The Arsenal Stadium Mystery (1939) – Film Review
Director: Thorold Dickinson
Cast: Leslie Banks, Greta Gynt, Ian McLean
Certificate: PG
By Sarah Morgan
It’s the match of the day – a vicious hate-filled killer against a flamboyant Scotland Yard detective at Highbury in a vintage curiosity piece.
A few familiar acting faces pop up in this light-hearted thriller, but for once, it’s not just the thespians who are the big names here – the late-1930s Arsenal squad and backroom staff who portray themselves were stars too.
Actually, unless you’re a die-hard Gooner, chances are few of the club’s staff are memorable. They’re introduced early on and, frankly, most of them look like fifty-something retired boxers rather than the fit young men they must have been. Among them is Cliff Bastin, who was Arsenal’s top scorer until Ian Wright broke his 58-year-old record in 1997; Thierry Henry surpassed Wright eight years later.
“Eccentric policeman”
Manager George Allison also makes an appearance. Unlike the players, he has proper lines and actually acquits himself well. Newsreader EVH Emmett, who later provided the voiceover on several early Dad’s Army episodes, appears as himself too.
But it’s Leslie Banks who takes the lead as Detective Inspector Anthony Slade, an eccentric policeman with a hat for every occasion – I’m guessing director Thorold Dickinson hoped he would become a regular character and so his hat obsession would become a familiar and amusing quirk for audiences to look out for.

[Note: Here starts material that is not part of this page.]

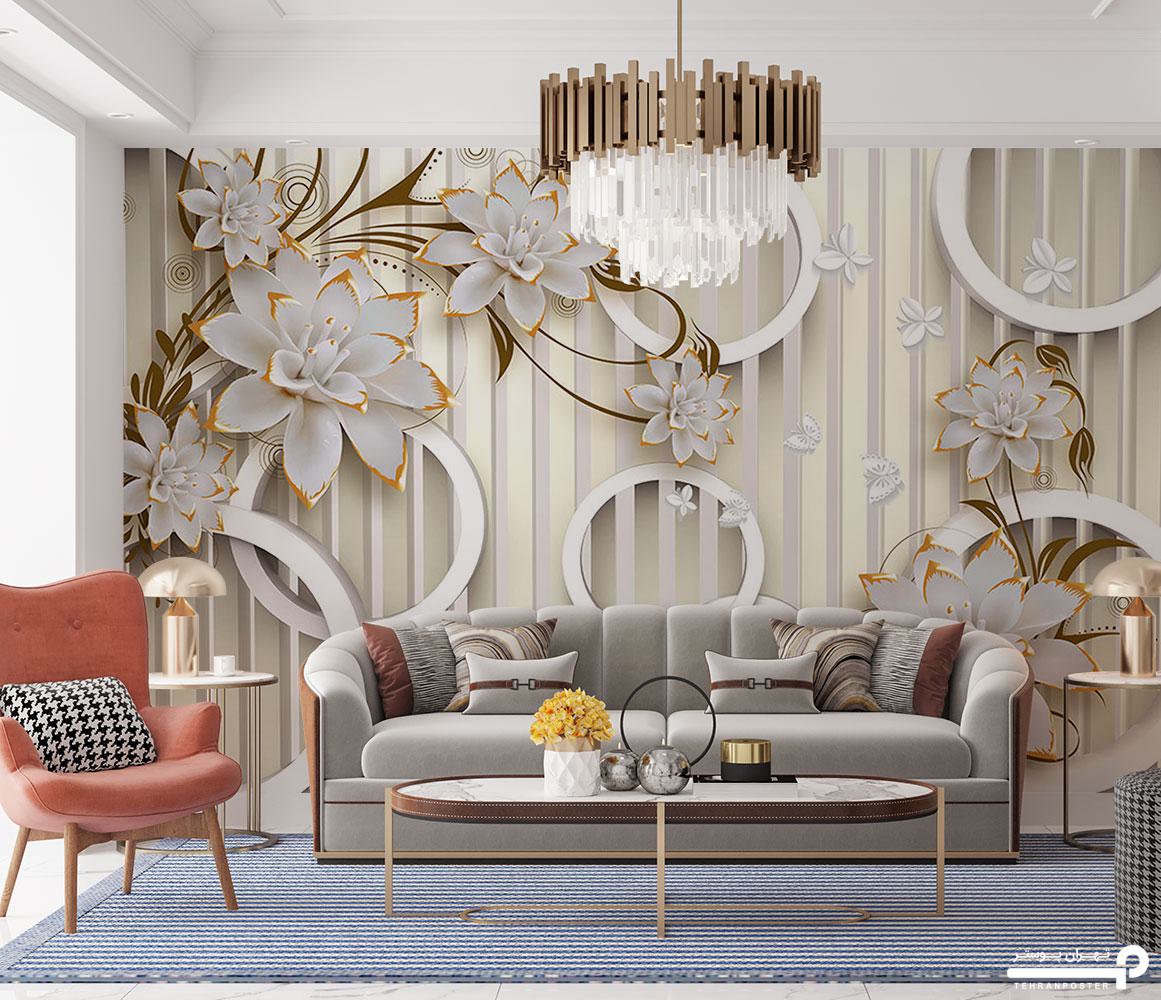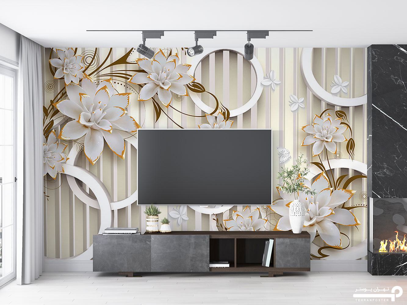 پوستر دیواری پشت تی وی طرح گل سه بعدی کد 13511900
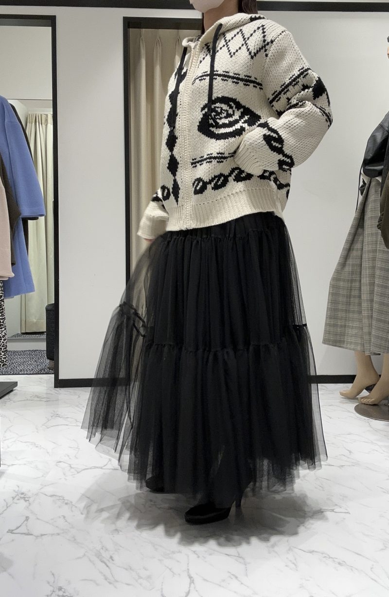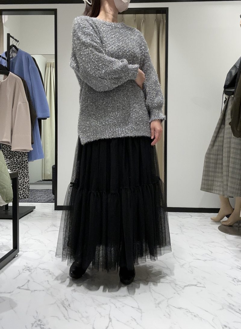 2種類のニットトップスをボリュームスカートに合わせました♪

Slade is torn away from rehearsing a staff cabaret by a new case – Jack Doyce, a self-centred womaniser, has dropped dead while playing for amateur side Trojans against Arsenal at Highbury. It transpires that he was poisoned by a prick on the thumb from a diamond ring delivered to him at half time.
“Decent murder-mystery”
There are many suspects – despite his skills on the pitch, he was not well liked – but a twist in the tale allows Slade to piece together exactly what happened.
The film is very dated, but at its heart is a decent murder-mystery. I could have lived without the attempts at humour, but I found the football sequences interesting, even if the footage – taken at an Arsenal v Brentford match, with close-ups of the cast interspersed between long shots – seemed painfully slow in comparison to modern matches.
Fans of the beautiful game will lap the film up as a historical document, while those who love the books of Agatha Christie, Dorothy L Sayers and the like will also find something to admire.